__Recorded information__:
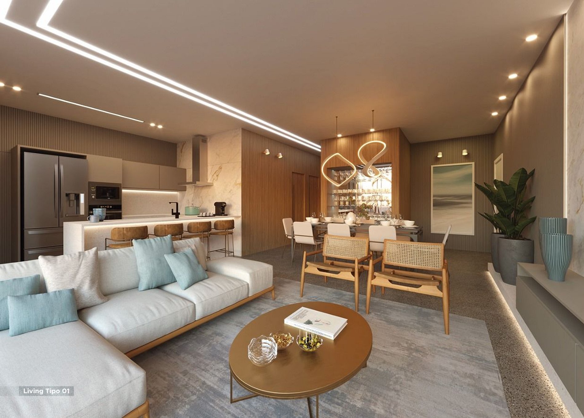 • Acabamentos de alto padrão: Piso porcelanato retificado e acetinado, rebaixamento em gesso, esquadrias do living no sistema piso-teto com 2,90m de altura, nicho nos boxes de chuveiro e monocomando.
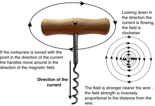 An electric current flowing through a wire produces a magnetic field around it. The field around a single wire is generally very small. The strength depends on the size of the current and the distance from the wire. In reality, unless the current is very large it is hard to see the field using iron filings, but can easily be detected with a magnetic compass. The field is circular and clockwise, looking in the direction of conventional current flow.
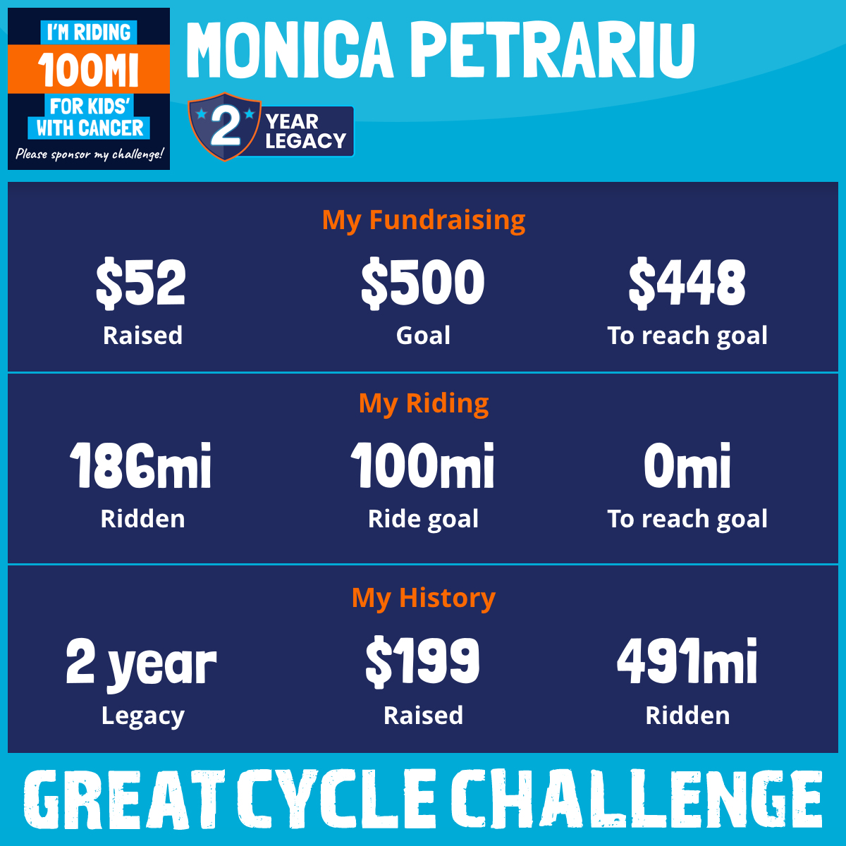 I am riding 100 mi to fight kids' cancer and save little lives. Please sponsor me to support my challenge!

__Work task__:
With every picture omitted, write out the material exactly from its first line through the line containing "An electric current".

__Task response__:
 • Acabamentos de alto padrão: Piso porcelanato retificado e acetinado, rebaixamento em gesso, esquadrias do living no sistema piso-teto com 2,90m de altura, nicho nos boxes de chuveiro e monocomando.
 An electric current flowing through a wire produces a magnetic field around it. The field around a single wire is generally very small. The strength depends on the size of the current and the distance from the wire. In reality, unless the current is very large it is hard to see the field using iron filings, but can easily be detected with a magnetic compass. The field is circular and clockwise, looking in the direction of conventional current flow.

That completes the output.